The same applies to autoimmune diseases like multiple sclerosis, rheumatoid arthritis and Type 1 diabetes, which is usually diagnosed in children and young adults.
Dr. Holick, meanwhile, has found that exposing people with high blood pressure to UVB rays in a tanning salon lowers their blood pressure readings about as much as a drug will. He also found that increasing vitamin D improved the heart's pumping ability and reduced cardiac strain.
Safe in the Sun
How much vitamin D is enough? Although the official recommended amount ranges from 200 international units for infants to 600 for the elderly, Dr. Holick and other experts say 1,000 units a day are needed, an amount few people consume through foods or supplements. Sunshine must fill in the gap.
''Between 90 percent and 95 percent of most people's vitamin D comes from casual exposure to sunlight,'' Dr. Holick said. He does not advocate tanning.
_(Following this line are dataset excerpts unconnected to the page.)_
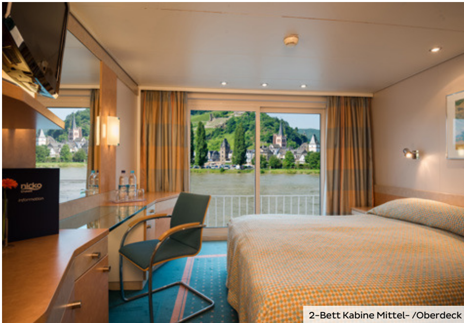
2-Bett Kabine Mittel- /Oberdeck

Die Bordwährung ist Euro. Sie können am Ende der Kreuzfahrt Ihre Rechnung sowie an Bord gebuchte Ausflüge bequem bar, mit Ihrer EC-Karte (PIN-Nummer erforderlich) oder mit Ihrer Kreditkarte (Mastercard, VISA) bezahlen.
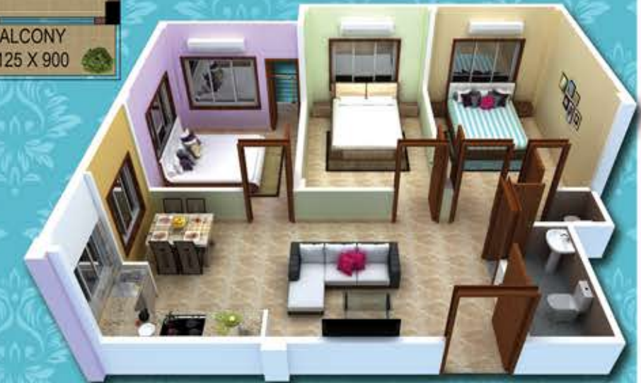
Flat - A
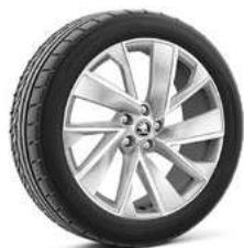
20" VEGA sudraba metālika 710€
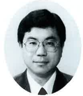
産業保健相談員 (産業医学)
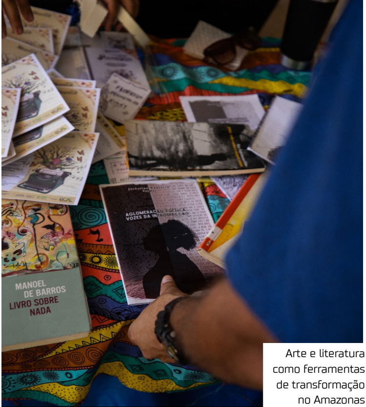
Arte e literatura como ferramentas de transformação no Amazonas

Após passar, também, por Iranduba e Rio Preto da Eva, o projeto passou por Novo Airão, com oficinas na Fundação Almerinda Malaquias, encerrando com um sarau gratuito no Parque Pinheiral, localizado na avenida
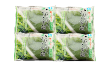
NO-6 いの食品 こんにゃくうこぎ麺 120g×6／1,157円 (税込) ※たれ付き
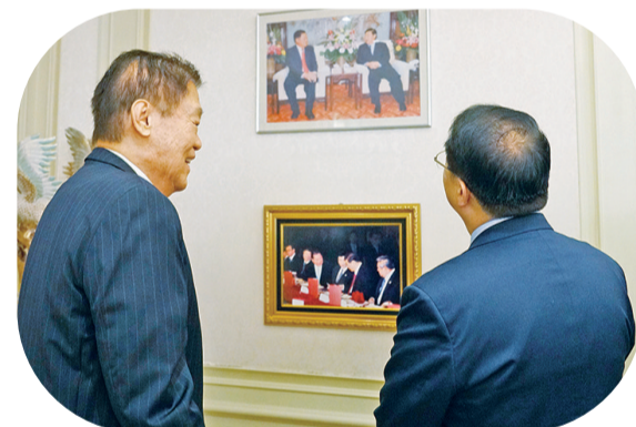
黄志源总裁陪同龚正市长观看相片
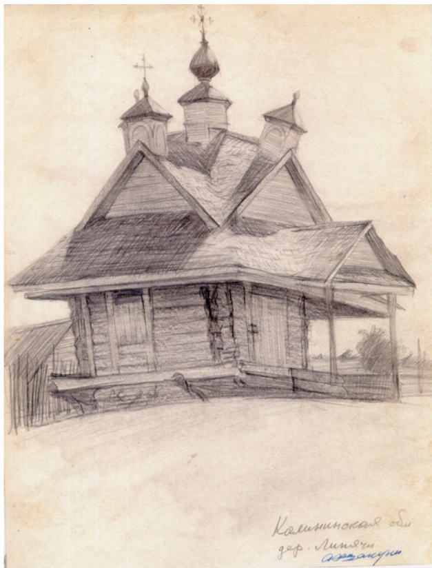
Часовня в д. Липячи (не сохранилась). Художник Завен Аршакуни (карандаш).

Rather, he proposes exposing unprotected skin to sunlight for a matter of minutes, with the recommended time determined by a person's skin type, the time of year, the time of day and the latitude.
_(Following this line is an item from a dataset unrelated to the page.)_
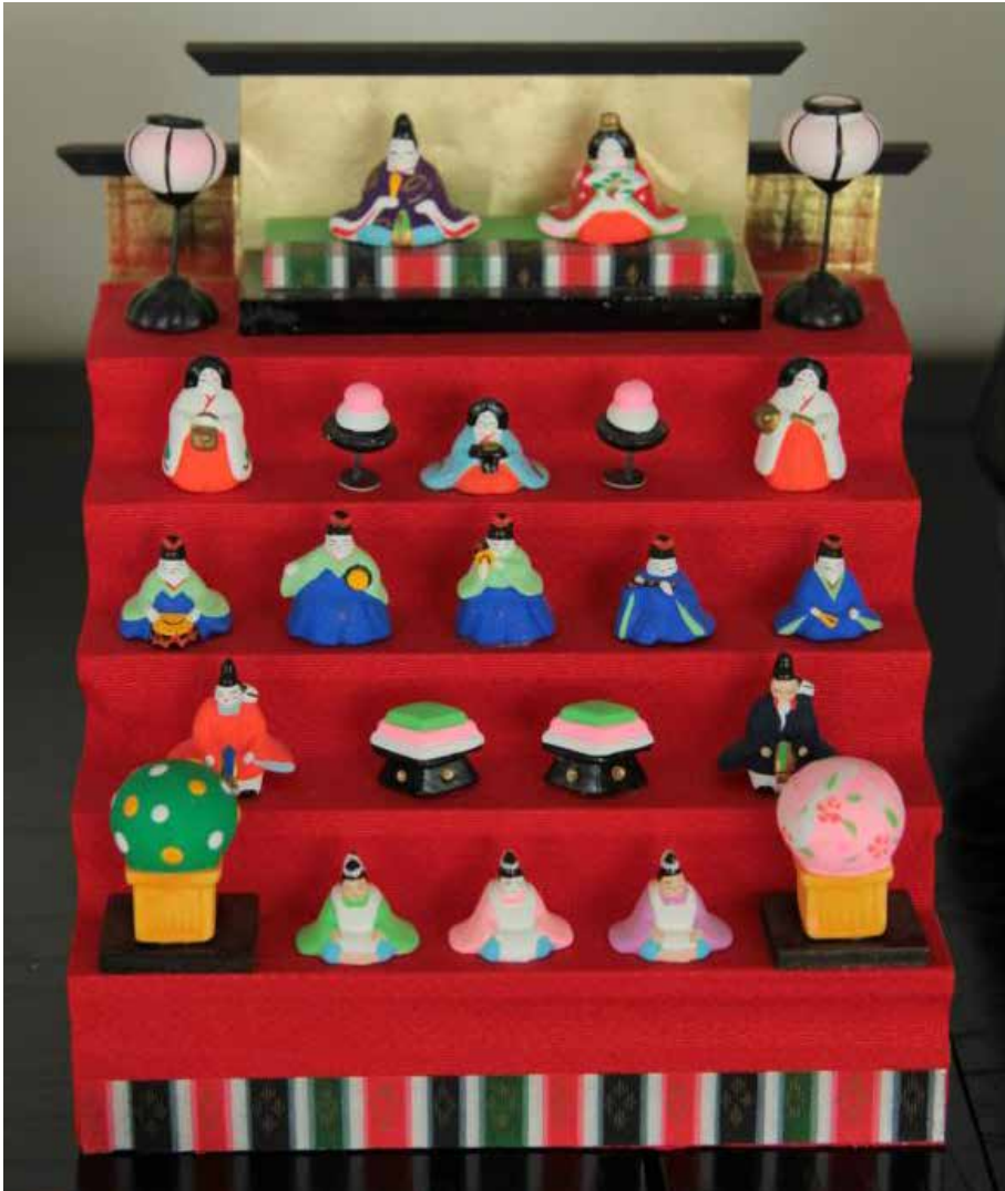
Traditionellt sätt Hina-ningyo-dockorna upp i nivåer.

Hinamatsuri firar man varje år den 3:e mars i Japan. Det översätts oftast som Flickornas dag, men den direkta översättningen är egentligen ”dockfestival”. Varje hushåll med flickor har ett set med dockorna som kallas ”Hina-ningyo”. Dockorna representerar kejsaren och kejsarinnan och är uppklädda i traditionella hovdräkter från Heian eran (794 - 1192), vilket var en elegant epok med adelsfamiljer vid makten. Kejsarfamiljen klär fortfarande upp sig på sådant sätt när de gifter sig. Dockorna börjar visas upp under februari månad och tas undan direkt efter festivalen. Brådskan med att plocka undan dockorna är för att man tror att dottern annars kommer få oturen att gifta sig sent i livet. Under dagen äter man bl.a. chirashi zushi, musselsoppa, och hina arare, samt pryder med persikoblom-

He suggests figuring out how long it takes for one's skin to turn pink in the sun (not burned, just pink) and then exposing a quarter of one's body (e.g., hands, arms and face or, if not the face, then the arms and legs) to the sun for one quarter of that time. After that, if a person plans to remain outdoors, the advice is to cover up or apply sunscreen that blocks both UVA and UVB rays.
For example, a person with Skin Type 2 (characteristic of most Caucasians) that burns easily and hardly tans who lives in the northern half of the country might expose a quarter of the body surface to the sun for 5 to 10 minutes a day between 11 a.m. and 3 p.m. during the next five months to build up enough vitamin D to last through the winter.